§ **Provided data**
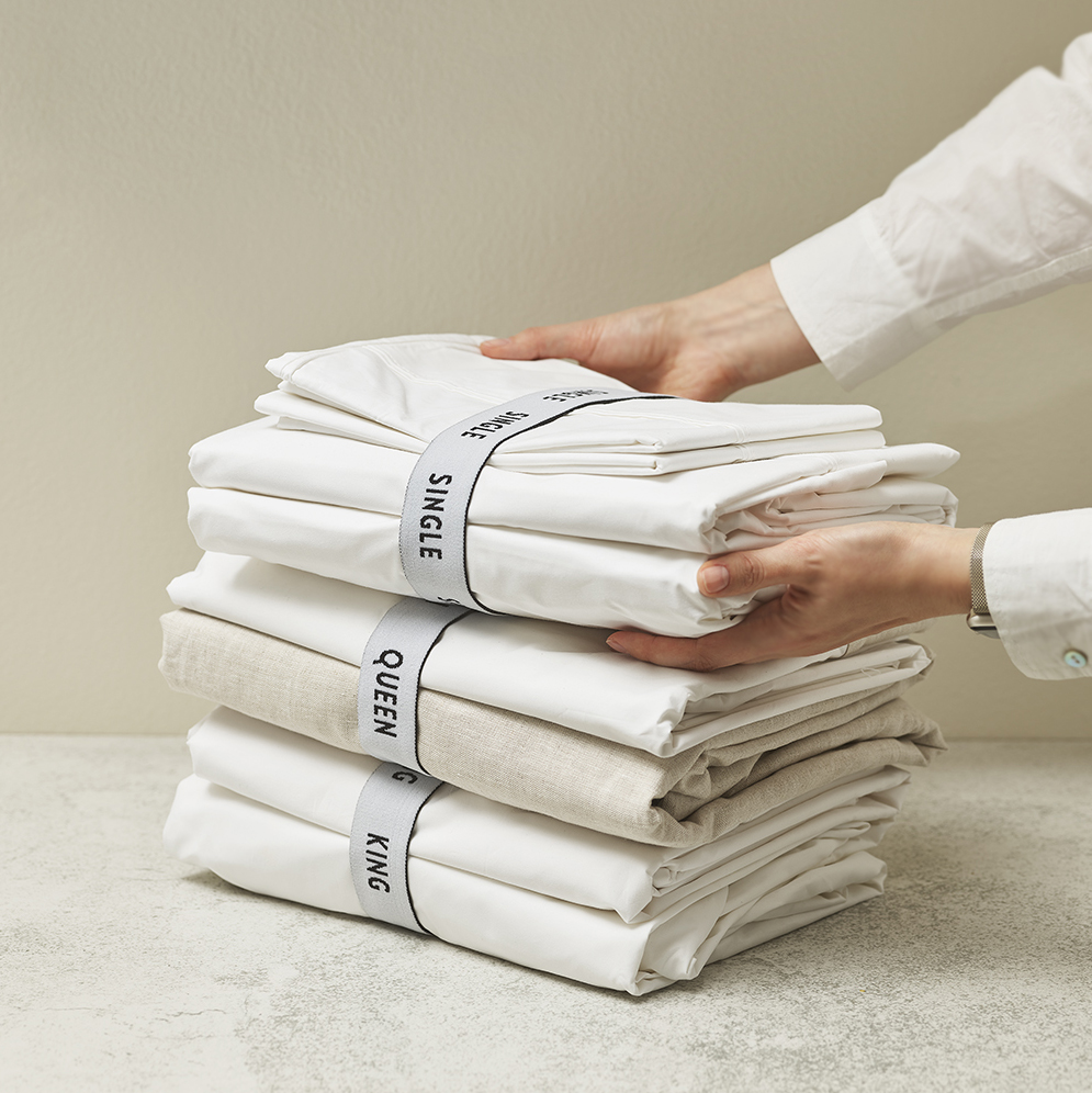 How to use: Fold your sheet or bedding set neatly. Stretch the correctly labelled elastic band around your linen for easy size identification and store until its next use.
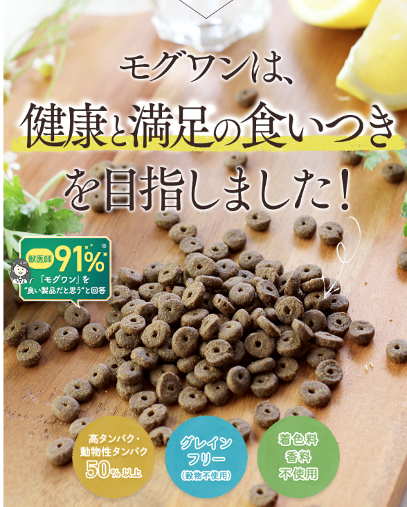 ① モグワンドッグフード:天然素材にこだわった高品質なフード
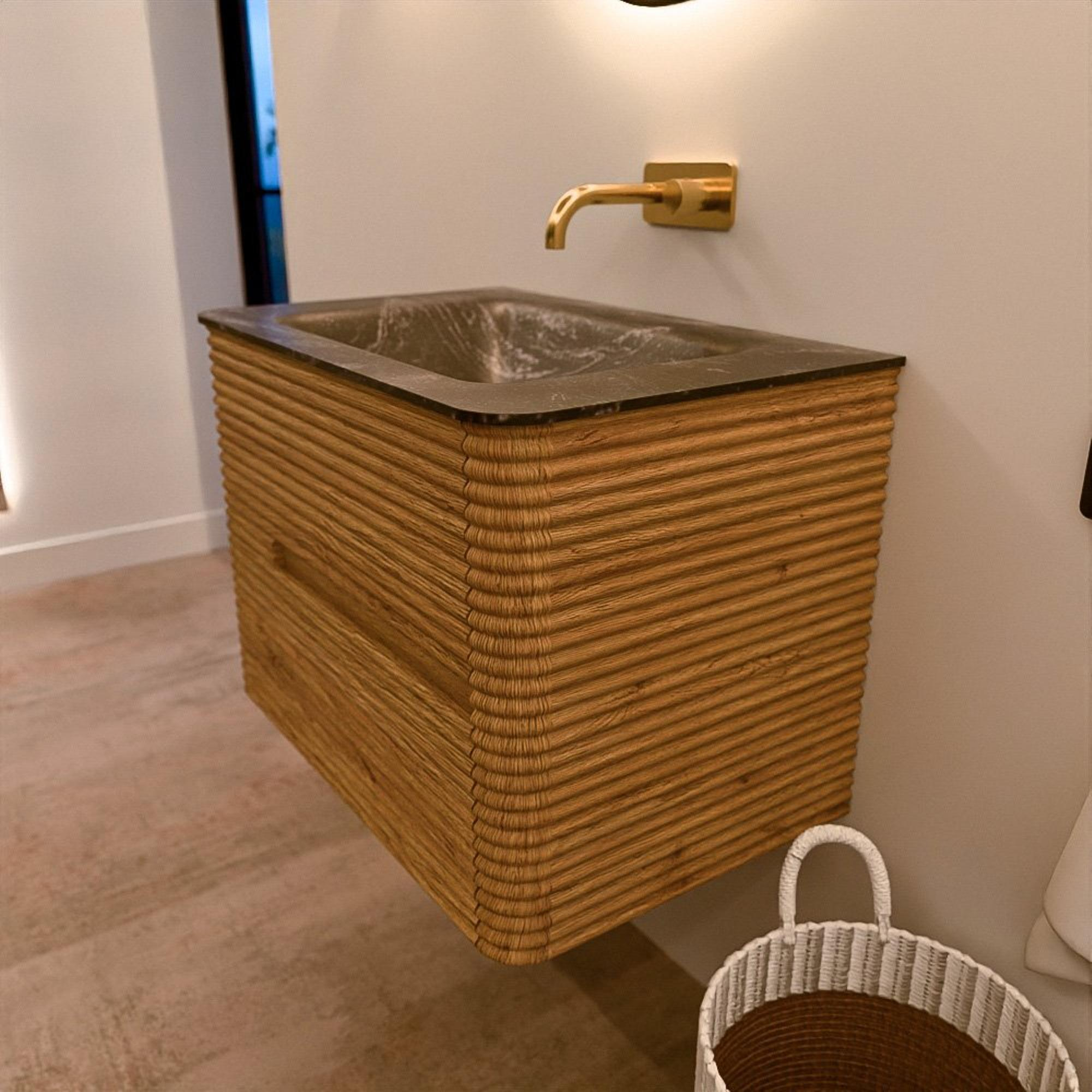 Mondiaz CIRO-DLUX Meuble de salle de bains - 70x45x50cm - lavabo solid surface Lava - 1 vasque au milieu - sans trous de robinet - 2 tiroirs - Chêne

§ **Work order**
Make an exact copy of the listing above. Do not include the pictures.

§ **Result of the task**
 How to use: Fold your sheet or bedding set neatly. Stretch the correctly labelled elastic band around your linen for easy size identification and store until its next use.
 ① モグワンドッグフード:天然素材にこだわった高品質なフード
 Mondiaz CIRO-DLUX Meuble de salle de bains - 70x45x50cm - lavabo solid surface Lava - 1 vasque au milieu - sans trous de robinet - 2 tiroirs - Chêne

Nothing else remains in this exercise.